Le gouvernement actuel, à l’instar de nombreux autres acteurs, ne souhaite pas que, dans l’analyse des ratés observés dans la lutte contre la pandémie, l’on fasse le procès des gouvernements qui ont précédé. Il a raison, le temps est à la solidarité et à « se serrer les coudes ».

Maria De Koninck Maria De Koninck
Professeure émérite et associée, département de médecine sociale et préventive, Université Laval

Mais, par respect et gratitude envers toutes celles et tous ceux qui se donnent corps et âme dans les soins, l’écoute et l’accompagnement des malades, des personnes vulnérables, des familles en deuil ainsi que dans la prévention et la gestion de la pandémie, ne devons-nous pas prendre un engagement ? Celui de ne plus jamais accepter que soient créées des conditions qui rendent leur travail plus exigeant et plus risqué, leur font vivre des dilemmes éthiques évitables et déshumanisent les situations dans lesquelles de nombreuses personnes souffrent et plusieurs s’éteignent.

Certaines conditions rendent en effet plus difficile le combat contre les ravages directs et collatéraux de la COVID-19 et accentuent les inégalités sociales entre ses victimes. Ces conditions sont les résultats de décisions prises au cours des dernières années, malgré les avertissements, protestations et cris d’alarme des travailleuses et travailleurs de la santé et des services sociaux, des organismes communautaires et des milieux d’enseignement et de recherche.

Pourquoi ne prenons-nous pas, collectivement et dès maintenant, l’engagement que, plus jamais, nous ne permettrons :

> qu’un ministre de la Santé et des Services sociaux s’arroge un pouvoir qui frise l’autocratie, comme ce fut le cas du ministre Gaétan Barrette ;

> que l’on centralise les décisions dans d’immenses organisations multi-vocationnelles, noyant ainsi les missions particulières des services de santé et services sociaux, notamment la prévention et la santé publique.
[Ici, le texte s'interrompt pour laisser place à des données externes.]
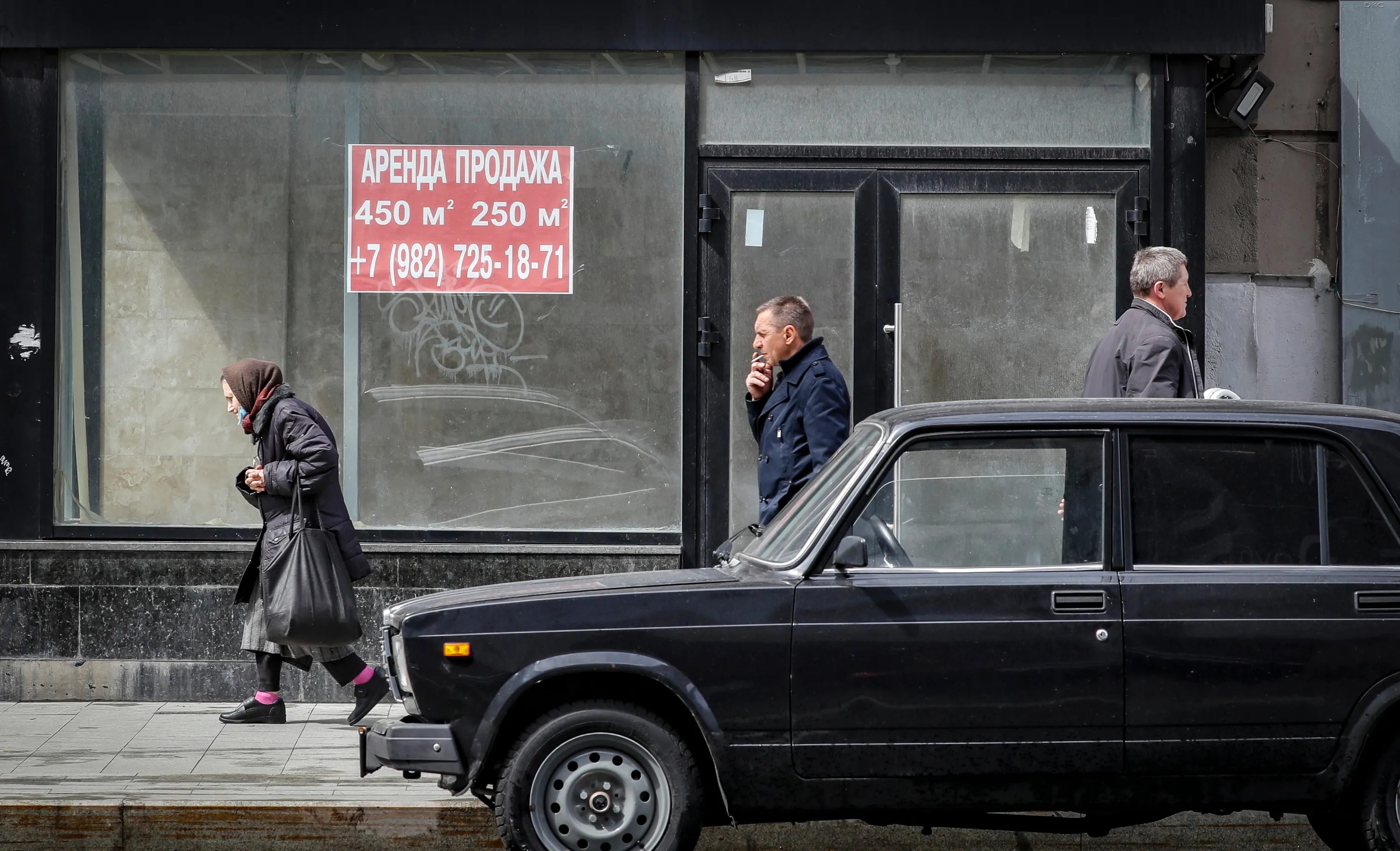 Russian people walk past the window of empty commercial premises in Moscow, Russia on May 19, 2022. As the result of sanctions imposed by the West on Russia, a number of international brands have announced the suspension or limitation of their business in Russia. (Photo by Yuri Kochetkov/EPA/EFE)

On a vu à quel point la perspective hospitalo-centriste a pu, dans un tel contexte, dominer la répartition des ressources et ainsi affaiblir les services consacrés aux plus vulnérables, dont les personnes âgées (CHSLD), les enfants (DPJ) et les personnes aux prises avec des problèmes de santé mentale ;

> que l’on crée, en réduisant le nombre d’intermédiaires sous prétexte d’épargner des sous, une telle distance entre les décideurs et celles et ceux qui œuvrent sur le terrain que leurs communications deviennent dysfonctionnelles ;

> que l’on fasse fi de la compétence des gens « du terrain » lorsqu’il s’agit de définir des priorités et d’organiser des services ;

> que l’on appauvrisse nos ressources collectives, comme celles des CLSC, pour renforcer des ressources privées ;

> que l’on tourne le dos aux pratiques démocratiques en retirant voix au chapitre aux communautés dans l’orientation et l’organisation des ressources qui les concernent ;

> que l’on alloue aux fédérations professionnelles de médecins une part disproportionnée de nos ressources financières. Et surtout, que l’on accorde à ces organisations syndicales un pouvoir de négociation sur l’accès de la population aux services médicaux et hospitaliers. Et que l’on consolide, ce faisant, un déséquilibre malsain entre les intervenants appartenant à différents corps d’emploi, alors qu’officiellement on prône l’interdisciplinarité pour son efficacité.

Au-delà de cet engagement collectif à ne plus jamais accepter de tels reculs, il est clair que toutes ces décisions devront être revues et corrigées ! Toutefois, il est capital qu’elles le soient de façon collective pour mettre à profit les savoirs de toutes les catégories de travailleuses et travailleurs de la santé et des services sociaux, des organismes communautaires et des communautés elles-mêmes.

Nous devons prendre cet engagement et préparer l’avenir, ne serait-ce que pour éviter que la souffrance qui découle des obstacles dressés devant la bonne volonté de celles et ceux qui sont « au front », dans les services de santé, dans les services sociaux et dans les communautés, tombe dans l’oubli.